On a smaller lattice, to see what is happening:
I would encourage you to thrown in print statements throughout to see what values each variable is holding. Trying it out on smaller lattices will help you understand how this works.
EDIT:
I'm going to let you figure out the specifics, but I would wrap this in a function like follows. It sets up the function, then prepares empty steps and histories lists to hold the results of each run. We run the function, then append the results to those lists.
创建网格的部分没问题(尽管您使用了两次 traps - 我想您不需要第一行,第四行应该是 grid[traps]=0)代码>)。

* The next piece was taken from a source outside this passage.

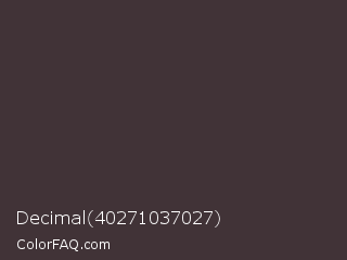 Decimal 40271037027 Color is a dark rose color and the nearest color is Masala #403b38. Hex code #413337 and RGB value is rgb(65,51,55). In RGB color space, this color is composed of 25% red, 20% green, 22% blue, In CMYK color space, this color is composed of 0% cyan, 22% magenta, 15% yellow , 75% black , In HSL color space, this color has a hue angle of 343° , 12% saturation and 23% lightness.

然后根据问题你必须放一个分子并让它在网格上行走,而你的程序的这一部分是完全错误的。您需要做的是找到分子的随机起点(可能使用 sc.random.randint(pos) ),然后计算分子在落入陷阱之前所迈出的步数。一维随机游走的步骤可以向左 (
starting_point - 1) 或向右 (starting_point + 1)。您必须在[-1, +1]之间随机选择,将步骤添加到网格上分子的索引,如果生成的索引在网格上看起来是空闲的,则增加您的自由变量。如果结果索引命中陷阱,则将free变量附加到steps_count列表中。为了回答你的第二个问题,如果你将
index % pos除法的余数作为分子的索引,周期性边界条件可以无缝地应用于网格。The part where the grid is created is OK (although you used
trapstwice - I suppose you don't need the 1st line and the 4th line should begrid[traps]=0).Then according to the problem you have to put a molecule and make it walk on the grid, and this part of your program is completely wrong. What you need to do is find a random starting point for the molecule (with
sc.random.randint(pos)maybe), and then count the number of steps the molecule makes before falling in a trap. Steps in 1d random walk can be either to the left (starting_point - 1) or to the right (starting_point + 1). You have to choose randomly between[-1, +1], add the step to the index of the molecule on the grid and if the resultant index appears to be free on the grid then increment yourfreevariable. If the resultant index hits the trap, then append thefreevariable to thesteps_countlist.To answer your second question, periodic boundary conditions can be applied seamlessly to the grid if you take the remainder of
index % posdivision as the index of the molecule.